The pandemic has further widened the inequalities in access to mental health support for India’s LGBTQ community. Several helplines during the few months of the first wave of the pandemic in India in 2020 received thousands of distress calls on their helpline number from LGBTQI++ individuals. A similar pattern was visible during the second wave between April-May 2021.

Acting early

How can this be addressed? India needs a defined and targeted strategy for addressing the mental health needs for LGBTQI++ communities.

It needs a national plan that works at multiple levels with educational institutions, communities, health care providers, mental health professionals, police personnel and even the judiciary to build an understanding of the need for acceptance, non-discrimination and queer mental health issues as also structural challenges these communities face.

In any case, India urgently needs a youth mental health programme, especially in schools, to destigmatise mental health and address the challenge of mental health early.

An integrated plan, which especially targets LGBTQI++ youth and adolescents early, could work in consonance with such a programme and work to build inclusiveness, de-stigmatisation, mental health awareness and self-care skills among its adolescents and youth.

These programmes could include strong components of creating awareness building capacity for self-care and seeking help.

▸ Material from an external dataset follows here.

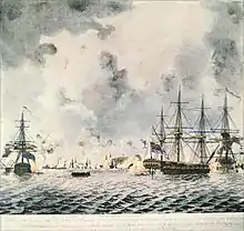 Pearl was anchored off Bombay Hook, Delaware, on 21 July. At 15:00, a fleet of twelve Continental Navy vessels, under the command of Charles Alexander in the frigate USS Delaware, came in sight. A signal gun was fired to warn her tender, which was ashore collecting supplies, then the ship weighed anchor and sailed off but ran aground on Cross Ledge. The tender was captured along with a fortnight's worth of provisions but Pearl managed to get free and escape downriver.[18] At 11:00 the following morning she spotted Camilla some 6 nautical miles (11 km; 6.9 mi) away. Pearl requested she join her and the two ships anchored to await the enemy fleet.[19] On the morning of 23 July, an American vessel came under a flag of truce but by this time the sixth-rate, HMS Liverpool, had sailed into view. At 06:00 the next day, the American fleet arrived and made a second attempt to discuss terms but were dismissed. The three British frigates cleared for action, the Americans scattered and were pursued up the river but not caught; the British losing sight of their quarry and giving up the chase the next day.[20]

Community building, both by community members themselves and in conjunction with service providers, is an important part of improving the mental health for LGBTQI++ individuals. These act as supportive, safe and educative spaces, access points for healthcare and information on healthy living.

One such project that we have been working on through a participatory methodology has opened a host of issues that LGBTQI++ communities in leading colleges deal with on an ongoing basis. It is critical that such issues are addressed holistically and in an ongoing and sustainable way.

Such programmes hold the revolutionary power to build understanding, address social discrimination, destigmatise mental health and build self-care capacity within these groups. Information is key but capacity building and recognising mental health challenges early is crucial.

These efforts and resources, if initiated early, can normalise gender and sexual diversity and improve the mental health of not just these communities but also society more broadly, thereby reducing discrimination, violence and stigma.

The challenge though is that such programmes are likely to be heavily opposed. This is because we live in an intrinsically heteronormative society that is determined not to change the status quo. They do not wish to allow the future generations to accept themselves, constructing their own identity, and making life choices.

The question before us, then, is if the lives of LGBTQI++ individuals matter. Because if they do, their well-being, their safety and freedom matters too. As does their mental health.

Chapal Mehra is Director, The Rahaat Project, and a Public Health specialist.